The current consensus view is that a Russia faced by Western sanctions will become more dependent on China for economic, diplomatic and ideological support. Is it a good strategy then for Delhi, which is facing off with Beijing across the Himalayas, to be so dependent on Moscow for the majority of its arms supplies? Memories of the 1971 Indo-Soviet friendship treaty tend to cast a warm glow of sentiment across the Indian mind. But it may be apposite to remember 1962 as well, when the Soviet Union suspended supplies of MiG-21 fighters to India at a time that has been called India’s ‘darkest hour’ during its war with China. It was the Americans which supported Delhi with arms and by sending the aircraft carrier USS Kitty Hawk into the Bay of Bengal, while leaning on Islamabad not to open a second front against India.

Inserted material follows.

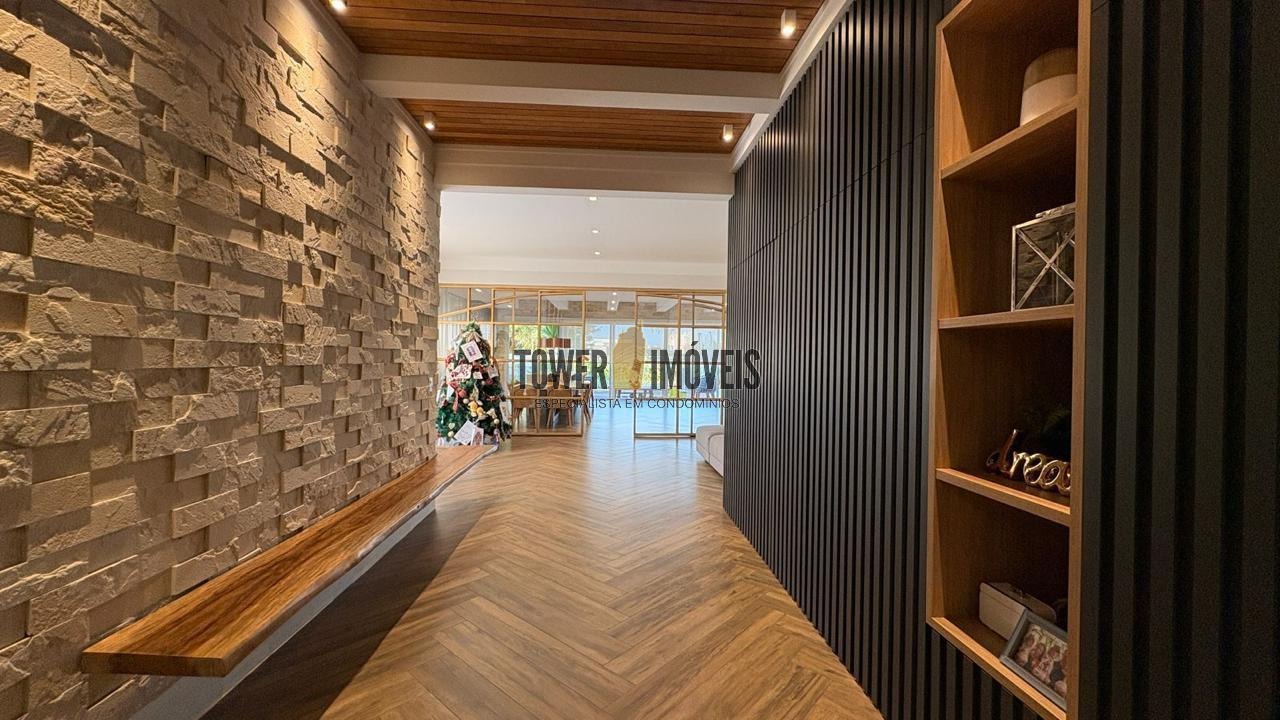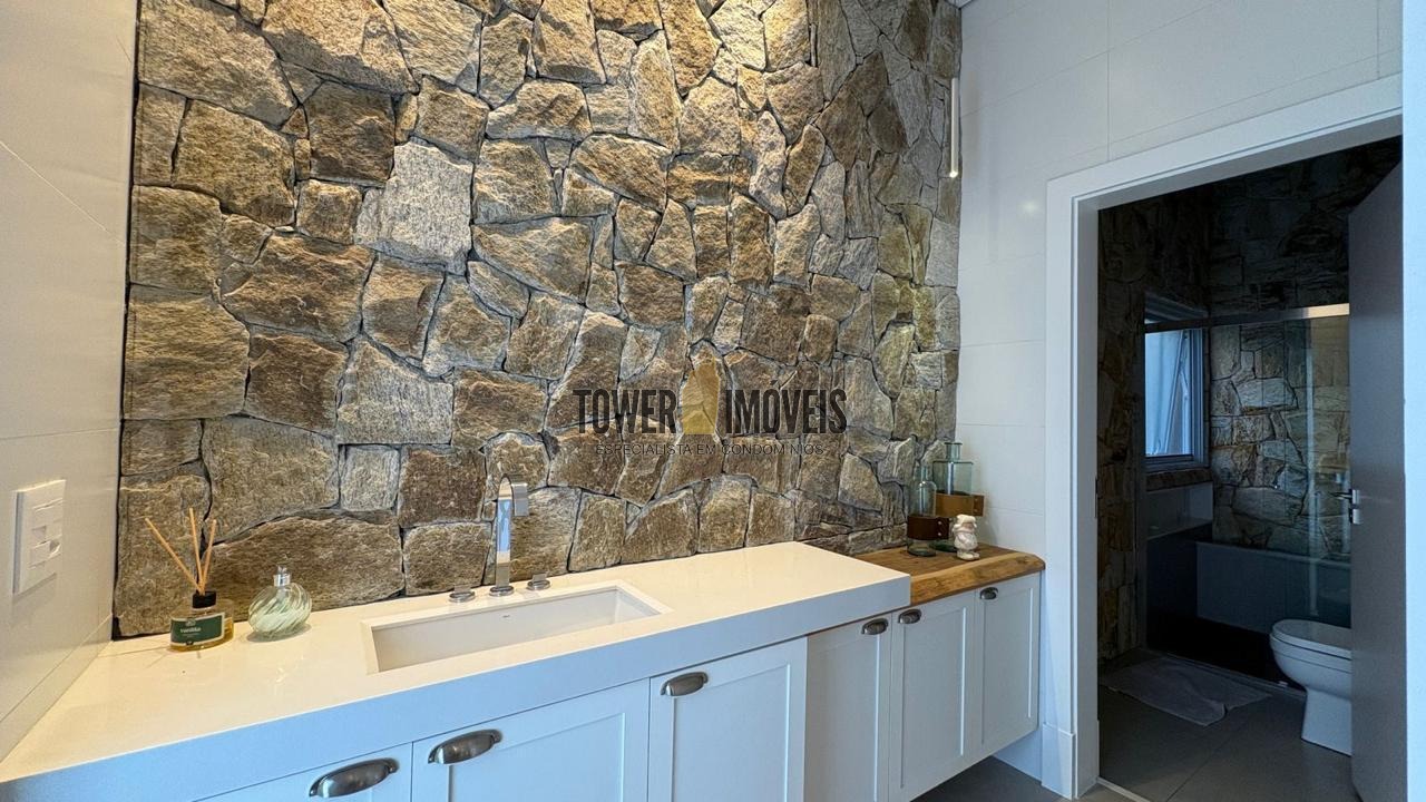 Toda a casa possui excelentes acabamentos em porcelanato, madeira e pedra na parede.

This may be a good moment, therefore, to reduce dependence on Russian arms – both by moving faster to indigenise defence production and by diversifying arms imports to a greater degree.
The China-Russia relationship has seen many ups and downs since the founding of the People’s Republic of China. But Putin’s standing by Xi as some Western democracies mounted the diplomatic boycott of the Beijing Winter Olympics, as well as their joint statement indicating Beijing’s and Moscow’s willingness to work together to forge a new world order, suggest an enhanced level of partnership that hasn’t been seen for a long time – one that comes closer to being an informal alliance than a mere transactional relationship. Both see American power as being unjust and in decline; both wish to carve out spheres of influence stretching beyond their geographical boundaries – Russia in Ukraine, Kazakhstan and other post-Soviet states, China in East and South Asia.
China and Russia could form the nucleus of a powerful new axis that draws in other states such as Pakistan, Turkey, Iran and North Korea. Regardless of how the Ukraine situation plays out in the coming days, that is likely to be the principal challenge confronted by the West-led liberal order over the next decade or so.
Swagato Ganguly is Adjunct Fellow, Gateway House, and Consulting Editor, Times of India.